Поехали мы к этому завхозу, дядька такой с громким голосом, деловой. Куда-то отвёл, я что-то подписал и так стал учиться там. Отучился два года и стал техником-архитектором. Мать успокоилась: я уже техник, почти инженер. Пошёл в Гипроприбор – проектная организация на берегу Невы, недалеко от памятнику Петру с рукой. Я туда ездил года полтора, и потом мне это надоело. Эти все унитазы, проводки, разрезы, чертежи – всё это достало меня, и я матери сказал, что больше не могу там работать. Она говорит: «Ну ладно, тогда устраивайся художником оформителем». И вот тут-то я попал, что называется, в самую точку. Это была идеальная работа – в переплётной мастерской маленького заводика, где я делал стенгазету. Приходил к двенадцати, а уходил в четыре.
И всё это время занимался только своими альбомами – составил и переплёл все эти альбомы о русском роке и Битлз, что стоят у меня на полке. Там за бутылку водки можно было сделать абсолютно всё. С одним кирнул чуть-чуть – он большой рулон плотной бумаги подгонит. Другой – достанет редкую краску. Все на меня работали. Кто-то переводил Битлов на русский язык, девочки печатали на машинках, мальчики наносили тиснение, кто-то переплетал, кто-то делал ламинат. Я запирался в своей мастерской и скрупулёзно составлял эти чудо-документы времени. В итоге, вот у меня над дверью – целая полка только с альбомами переведённых песен Битлз. Все двести песен. Этим я занимался все семидесятые годы. На отдельной полке у меня альбомы по истории Битлз: здесь одни фотографии и вырезки из газет.

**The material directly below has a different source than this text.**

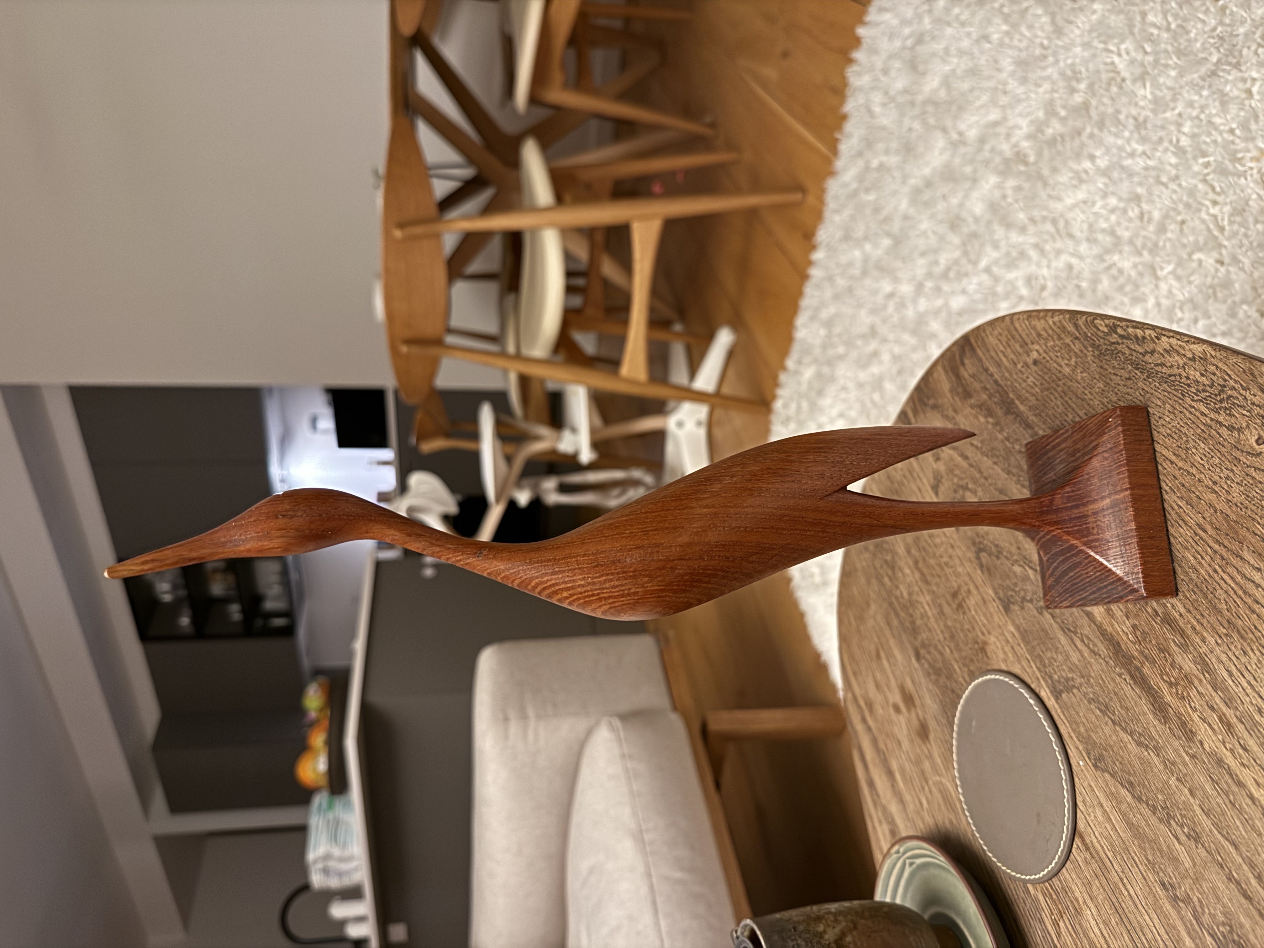 This elegant teakwood crane sculpture dates back to the 1960s, a period known for minimalist and organic shapes in design, particularly within the Danish and Swedish modernist movements. The sculpture is likely crafted from teak, a highly prized material during the mid-century for its rich color and durability. This period saw the rise of sculptors who were fascinated by the simplicity and grace of nature, often capturing birds and animals in sleek, fluid forms. The crane is a symbol of longevity and harmony, often associated with peace and wisdom in many cultures. Sculptures like this one were common in the homes of design enthusiasts during the mid-century modern era, reflecting a blend of artistry and functionality. The estimated dimensions of 30 cm in height allow for easy placement on a mantel or shelf, making it a versatile piece for home decor. Teakwood’s natural resistance to wear ensures that such pieces remain in good condition even today. Collectors value these sculptures for their aesthetic purity and the craftsmanship evident in the smooth, seamless finish. As a representation of Scandinavian design ethos, it exemplifies the pursuit of beauty in utility. Its market value varies due to its condition and provenance, but it remains an attractive piece for mid-century collectors. The warm hues of the teak bring organic warmth to interior spaces, enhancing their architectural features.

Я систематизировал творчество Битлов, собирал каждую песню: сорокопятки отдельно, LP – отдельно. Песни Джоржа, песни Пола, Ринго (он всего две песни написал за восемь лет) и восемьдесят песен Джона – и всё это было у меня записано, оформлено, всё по разделам разложено, поставлено на нужное место. Сделана книга, отдельный том по каждому альбому, все тома – под номерами. От первой песни «Ain’t She Sweet» до последней. Я в течение одной минуты могу любую песню найти. Свои альбомы я до сих пор обожаю, гостям своим их показываю. Самый большой альбом – по Джону Леннону, весит тринадцать килограммов. Там восемьсот заметок-вырезок о Джонни из прессы всего мира. Я делал его пятнадцать лет и сейчас обновляю. Когда появляется о Джонни что-нибудь новенькое, я, с трудом ворочая эту глыбу, стаскиваю с полки, кладу на стол и начинаю над ней колдовать. Вклеивать, дорисовывать и так далее. За эти пятьдесят лет добавилась ещё сотня фирменных каталогов.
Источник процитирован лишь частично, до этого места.